After a discussion with Venkat last week we decided that it was probably best 
if I took responsibility for the flow control patches and ported/cleaned them 
up for inclusion in the labeled networking patches for 2.6.25.  In the course 
of doing so I ran across the problem of subject/object "ordering" (probably 
not the best term, but it's all I can think of right now).  In both the "flow 
in" and "flow out" cases I'm tempted to use the packet's peer label as the 
object just for the sake of consistency and the ability to use the new "peer" 
object class for all network peer label access checks.  However, I wanted to 
make sure that is what everyone had in mind from a conceptual point of view.  
See the two simple policy examples below:

 * Packet "flows" into the system, peer label is the object

   allow netif_t peerlbl_t:peer flow_in;

 * Packet "flows" out of the system, peer label is the object

   allow netif_t peerlbl_t:peer flow_out;

Thoughts, opinions?

-- 
paul moore
linux security @ hp

--
This message was distributed to subscribers of the selinux mailing list.
If you no longer wish to subscribe, send mail to majordomo@tycho.nsa.gov with
the words "unsubscribe selinux" without quotes as the message.

Re: Network flow controls and subj/obj ordering

[Casey Schaufler]

--- Paul Moore <paul.moore@hp.com> wrote:

> Hello everybody,
> 
> After a discussion with Venkat last week we decided that it was probably best
> 
> if I took responsibility for the flow control patches and ported/cleaned them
> 
> up for inclusion in the labeled networking patches for 2.6.25.  In the course
> 
> of doing so I ran across the problem of subject/object "ordering" (probably 
> not the best term, but it's all I can think of right now).  In both the "flow
> 
> in" and "flow out" cases I'm tempted to use the packet's peer label as the 
> object just for the sake of consistency and the ability to use the new "peer"
> 
> object class for all network peer label access checks.  However, I wanted to 
> make sure that is what everyone had in mind from a conceptual point of view. 
> 
> See the two simple policy examples below:
> 
>  * Packet "flows" into the system, peer label is the object
> 
>    allow netif_t peerlbl_t:peer flow_in;
> 
>  * Packet "flows" out of the system, peer label is the object
> 
>    allow netif_t peerlbl_t:peer flow_out;
> 
> Thoughts, opinions?

Networking policy is always fun to debate. I've gotten it wrong
so many times I've lost count. Let's see if I can add anything of
value.

A packet appears out of the ether and is attached to a flow. If the
packet is a labeled object and the flow is a labeled object, what
is the subject? If the packet moves on out of the system (it is
being forwarded) and the packet is a labeled object, what is the
subject? Do you even have a subject/object relationship in this case?
I think that if you can identify the subject involved in flow
processing the policy implications ought to be pretty clear. If
you don't, and you have nothing but objects to deal with, it gets
painfully difficult to produce a security model that can be described
using traditional methods.

I will point out that it is pretty difficult to associate a subject
with an action on a packet object in all cases, and that is one reason
the model of a packet as an object never caught on. Perhaps the flow
is your subject, performing read and write operations on the packets.
I don't know that it makes a lot of sense to consider a flow as a
subject, but I've made arguments from shakier premises myself.
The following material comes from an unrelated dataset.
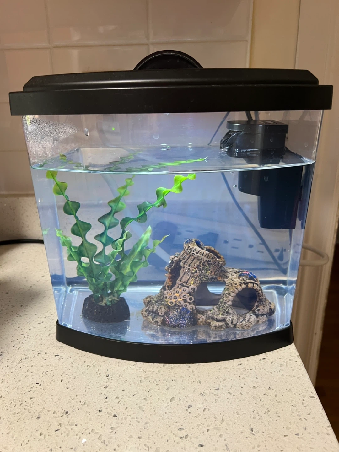 20Selling a plastic fish tank that comes with a water filter and light. I am throwing in three bonus brand new filter cartridges! Perfect for a small fish or a beginner looking to get into the hobby.

Think about the notion that the flow is the object, and that the
subject is whatever created the packet, and the label on the packet
describes the subject. This makes the operation a write from the
packet creator to the flow. It makes the outflow a read from the
flow by whatever active entity (task? kthread? daemon?) sends the
packet along, and a write to the destination with the label on the
packet again describing that subject.

In any case, if you don't bring a subject into the picture you may
have processing to do, but you're not making access control decisions.


Casey Schaufler
casey@schaufler-ca.com

--
This message was distributed to subscribers of the selinux mailing list.
If you no longer wish to subscribe, send mail to majordomo@tycho.nsa.gov with
the words "unsubscribe selinux" without quotes as the message.
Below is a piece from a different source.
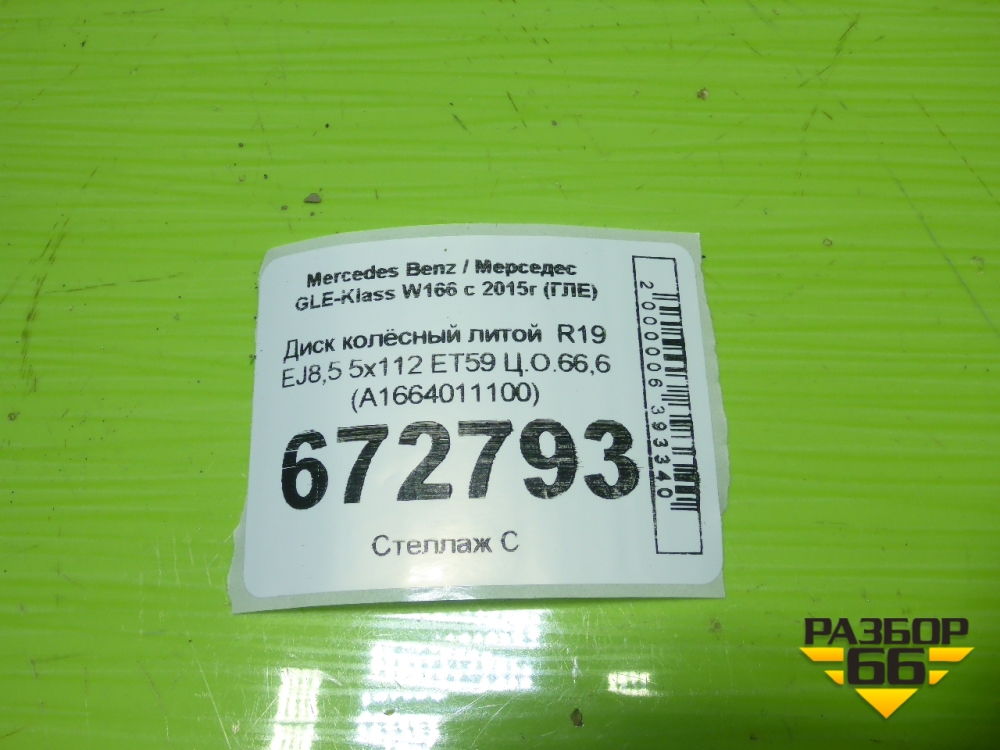 Диск колёсный литой R19 EJ8,5 5x112 ET59 Ц.О.66,6 (A1664011100) в Екатеринбурге

Re: Network flow controls and subj/obj ordering

[Paul Moore]

On Tuesday 11 December 2007 12:51:18 pm Casey Schaufler wrote:
> --- Paul Moore <paul.moore@hp.com> wrote:
> > Hello everybody,
> >
> > After a discussion with Venkat last week we decided that it was
> > probably best if I took responsibility for the flow control patches
> > and ported/cleaned them up for inclusion in the labeled networking
> > patches for 2.6.25.  In the course of doing so I ran across the
> > problem of subject/object "ordering" (probably not the best term,
> > but it's all I can think of right now).  In both the "flow in"
> > and "flow out" cases I'm tempted to use the packet's peer label as
> > the object just for the sake of consistency and the ability to use
> > the new "peer" object class for all network peer label access
> > checks.  However, I wanted to make sure that is what everyone had in
> > mind from a conceptual point of view.
> >
> > See the two simple policy examples below:
> >
> >  * Packet "flows" into the system, peer label is the object
> >
> >    allow netif_t peerlbl_t:peer flow_in;
> >
> >  * Packet "flows" out of the system, peer label is the object
> >
> >    allow netif_t peerlbl_t:peer flow_out;
> >
> > Thoughts, opinions?
>
> Networking policy is always fun to debate. I've gotten it wrong
> so many times I've lost count. Let's see if I can add anything of
> value.

[Sorry for the delay, I was distracted yesterday]
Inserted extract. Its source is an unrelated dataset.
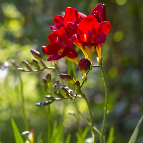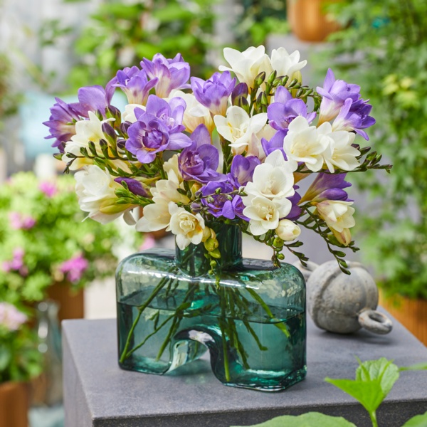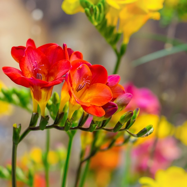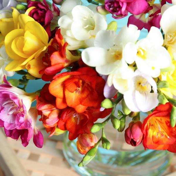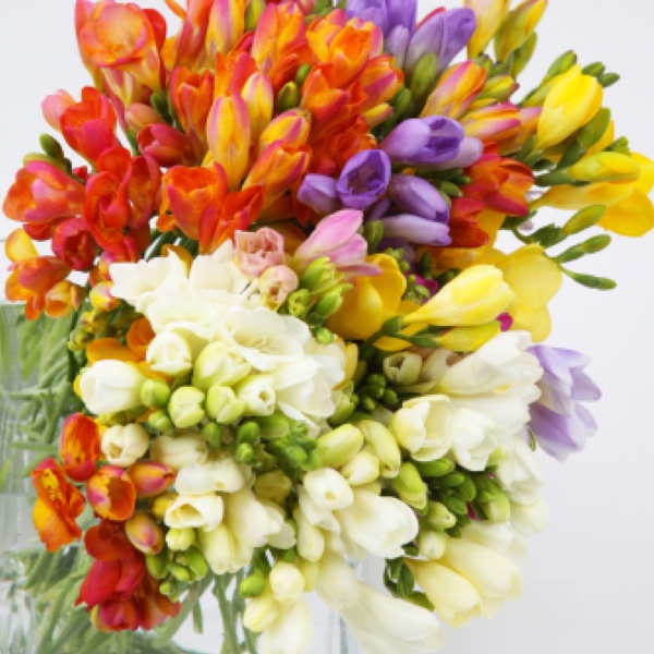 The exotic blooms of freesias are well known for their delightfully sweet fragrance. Freesias are available in a wide variety of bold, single or double blooms that appear on leafless, arching, wiry stems.

Yes indeed, hence the reason for my mail.  I'm trying to get it "right" 
this time around ... probably a bit naive, but I'm crazy like that.

> A packet appears out of the ether and is attached to a flow. If the
> packet is a labeled object and the flow is a labeled object, what
> is the subject? If the packet moves on out of the system (it is
> being forwarded) and the packet is a labeled object, what is the
> subject? Do you even have a subject/object relationship in this case?
> I think that if you can identify the subject involved in flow
> processing the policy implications ought to be pretty clear. If
> you don't, and you have nothing but objects to deal with, it gets
> painfully difficult to produce a security model that can be described
> using traditional methods.

Unfortunately we are talking about two different things here (although 
your argument above sorta fits in a strange way).  I'm talking about 
the "flow control" patches that Venkat posted back in September and it 
looks like you are talking about access controls involving the kernel 
flow constructs.  Somewhat related, but two different things.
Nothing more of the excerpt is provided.